Thursday, November 17, 2011

'The Longest Lasting Youth Movement."

       I read a wrong article just now that suggested the "Hipster Movement" (which I believe does not exist) is the longest lasting youth movement ever. After pooping out a small bicycle in shock at the authors inability to see anything not white, I thought, "What about the Hip Hop movement? They've been going strong since the late 70s/early 80s. I would argue they exist and have therefore been a longer lasting movement." The reason, I feel, is that they are in a constant state of flux.
      When something changes before your eyes it is bound to maintain a passionate hold on people or at the very least a fanbase. This is why nobody looks away during the Werewolf transformation scenes in movies. Whether the effects are good or crappy, everybody watches change. Goths have been around just as long, you say? Yeah, but they were never really a movement. Think about it. Bands that are grouped into that genre like The Cure, Siouxsie & the Banshees, Bauhaus and Joy Division were never really goth bands. They were just rock bands who had a look that, at the time, was refreshing to sad kids who owned candles and had religion pushed on them at a young age. This same look seemed dangerous to adults (who hated the sad nature of the songs despite their love of 'Stairway To Heaven', a song angels cut themselves to...I have it on good authority) which made the goth look catch on, although never with a majority of kids so it couldn't be large enough to be a movement (this look was not shared by Joy Division who looked more like The Shins than like Dracula and whose influence can now be heard in such bands as Interpol). By the late 90s, when kids began wearing shirts that stated "I'm a goth" and Marilyn Manson (whose music was closer to Metal than "goth-y" stuff) began driving cars with a license plate that said "Goth Gangsta" it was just a way to sell stickers at Hot Topic. A joke. There was no movement because they lacked the numbers and a strong agenda (their agenda, I believe, was "Don't you hate Christmas Songs and bubbly people?"). This is not the case with hip hop.

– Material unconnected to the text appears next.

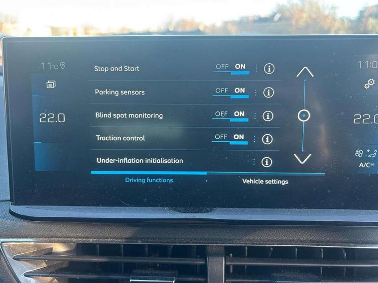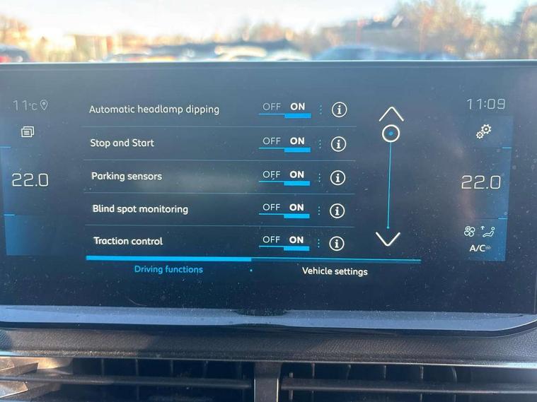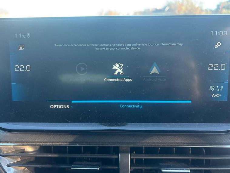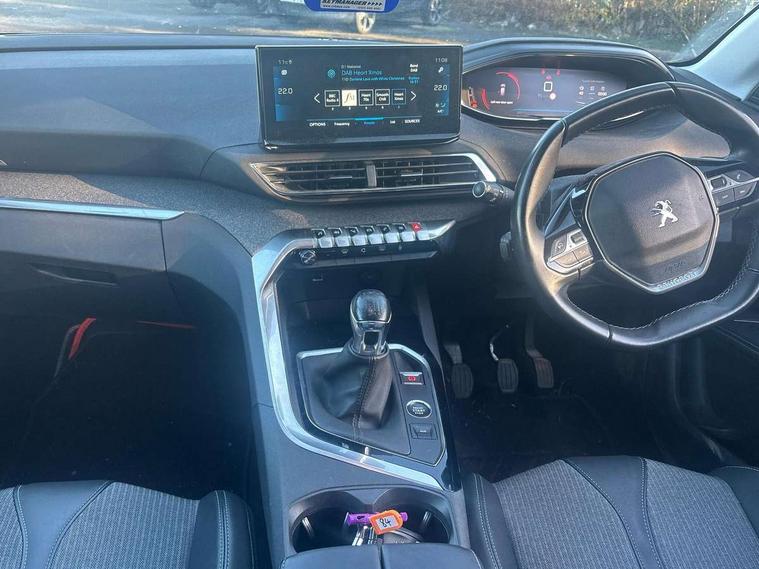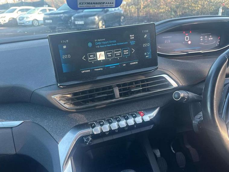 3D connected navigation with 10" HD touchscreen, Bluetooth telephone facility, Drive modes select (Eco, normal and sport), Driving Time Warning (DAA1), Emergency services call system, Extended traffic sign recognition, Exterior temperature indicator with ice warning, Front parking sensors, Mirror screen with mirror link, apple carplay and android auto, Multi function trip computer, PEUGEOT i-Cockpit with 10" high definition capacitive touchscreen, Peugeot i-cockpit with compact multi-function sports steering wheel, PEUGEOT i-Cockpit with configurable 12.3" Head-up digital instrument panel, Rear parking aid, Speed limit recognition and recommendation, Voice recognition, Dynamic stability control and electronic anti-skid system, Stop/start function, 6 speakers radio with mp3 compatible, DAB Digital radio, USB socket, Aluminium longitudinal roof bars, Automatic hazard light activation upon heavy brake application, Automatic triggered rear windscreen wiper in reverse gear, Black rubber side window trim, Black with chrome detailed front wing trim, Body colour door handles, Body colour rear roof spoiler with stainless steel edging trim, Body protectors (bottom of front and rear bumpers + wheel arches + protection at bottom of doors) in black, Chrome frameless 'Classic' grille, Chrome rear bumper facia, Dark tinted rear side windows + tailgate window, Diamond Black door mirror shells, Door mirror mounted LED courtesy floor lighting, Eco LED headlights, Electric folding door mirrors with exterior courtesy LED lighting, Electric operated/heated door mirrors, Front and rear door and sill protectors with polished stainless steel insert, Front bumper lower trim in Silver, Front windscreen wiper with magic wash cleaning system, Gloss black B and C pillar and aerodynamic deflector trim, Gloss black front bumper air scoops, Gloss black rear cluster connecting strip, Gloss black windscreen trim, Headlights left on audible warning, Heated rear windscreen with integrated antenna, LED daytime running lights, LED front indicator, LED rear number plate lighting, LED side indicator lights integrated into door mirrors, LED third brake light, One touch electric front/rear windows with pinch protection, Rear LED Peugeot signature 'Claw Effect' lights, Rear side wing doors, Stainless steel roof arches, 1/3 to 2/3 split folding rear seats, 12V Sockets in dashboard, rear cabin and load area, 2 cupholders in front centre console, 2 cupholders in rear armrest, 2 x Rear reading spotlights, 2x Rear coat hooks, 3x Isofix child seat fittings in the front passenger and outer rear seats, 4 Grab handles retractable and damped, Blue ambient lighting for connecting zone, Blue ambient lighting to front door panels, Blue ambient lighting to headup instrument panel, Brumeo fabric trimmed door armrests, Centre front armrest with butterfly wing opening and illuminated storage compartment, Driver seat lumbar adjustment, Driver seat manual adjustment (longitudinal and back rest angle), Dual zone automatic climate control, Electric power steering with reach and rake adjustable steering column, Flocked glovebox interior, Foldable front passenger seat with picnic table, Footwell illumination, Front interior light with 2 reading spotlights and rear interior light with timer, Front passenger seat manual adjustment (longitudinal and back rest angle), Front seat back map pockets, Gear shift indicator, Height adjustable front seats, Illuminated glovebox, Individual left and right controls in boot for seat folding, Leather steering wheel with detail stitch, LED interior lighting in storage spaces and load area, LED roof interior lighting, Rear bench seat with central armrest and ski hatch, Rear centre console ventilation system, Roof lining - Salin light grey, Satin chrome dashboard trim, Satin chrome digital instrument panel and touchscreen trim, Satin chrome front door panel recess trim, Satin chrome interior door handles, Satin chrome scorpion's tail and toggle switch trim, Seatbelt not fastened audible and visual alert for front seats, Seatbelt unfastened on the move audible and visual alert for front and rear seats, Sunvisors with illuminated vanity mirrors, Two position boot floor, Safety plus pack with high beam assist - 3008, Visibility pack - 3008, 3x Rear three-point retractable seatbelts with force limiters in the outer rear seats, ABS (Anti-lock Braking System) with EBD (Electronic Brakeforce Distribution) and EBA (Emergency Braking Assistance), Adaptive driver and front passenger airbags with passenger airbag deactivation function, Driver and front passenger side airbags, Electric child locking functionality on rear windows and doors, Electric parking brake, Front and rear curtain airbags, Front optimised safety headrests and 3 x rear retractable headrests with height adjustable, Front three point retractable seatbelts with pre tensioners and force limiters, Front ventilated disc brakes and rear disc brakes, Hill start assist, Two tone horn, Automatic door locking when moving off, Electronic immobiliser, key operated exterior door lock from the left hand door, Perimetric and volumetric alarm with lift and tilt sensor, Peugeot Open and Go System, Remote control central locking with two plip keys, Brumeo fabric Dashboard, front and rear door panel finish, Puncture repair kit including compressor, sealant cartridge and towing eye,

      The Hip Hop movement has an agenda. Granted, it changes with the seasons. For a while it was a sense of community seen in block parties with DJs and MCs doing call and response shows in the street. Then came the gangsta era(this is the only era acknowledged by Republicans), followed by the gentler De La Soul/Tribe era which harkened back to the original era and now we are in the phase of an Uber-Capitalist era of strangely large watches. When I was a little kid, a guy in sweatpants and Adidas was cool. Now, that guy would be laughed at and called a homeless beggar in today's bling-bling rap culture. That will change, too, in time and I think we are seeing those changes beginning already.
     None of this matters at all to me. I am only suggesting that when a mindset changes over time, it strengthens. The goths and the hippies held onto a feeling so tightly that they seemed like statues. Immovable and unattractive. This does not mean there are no hippies or goths. Just that they are spread out. Hiding in pockets near smoke shops and waffle houses. Hip Hop culture is everywhere. Their beats can be heard in modern country songs, goth songs, and hamburger ads. The penguin baby in the ad for 'Happy Feet 2' is singing LL Cool J, not Arcade Fire.
     How can one suggest that Hipsters, who again, seem to just be nice kids living near universities with light beards and a plaid shirt are a movement at all, much less one that has out lasted the hip hop movement which started in the 70s?
     And before you think I am biased to one group and cannot give an honest opinion, consider this: I HATE BEING IN A GROUP. I despise the very concept of "Joining" anything. Once you start thinking you belong to a group, the idea of a uniform or a logo on your person doesn't bother you. I will gladly lose a friend, a job, or an oppurtunity before I will relegate my body to someone else's billboard. If I advertise on my body, it will be with something of my choosing.
     'But Tony,' I can almost hear you say despite my ever growing wax build-up, 'You love many "Goth" bands, aren't you a goth? You've competed in Beat-Box competitions, aren't you hip hop? You preach for equality and open-mindedness, aren't you a bit hippie?"
     No, my friends, no.
     I am none of these things.
     I am just an asshole with an agenda. But unlike all of these groups, I admit it.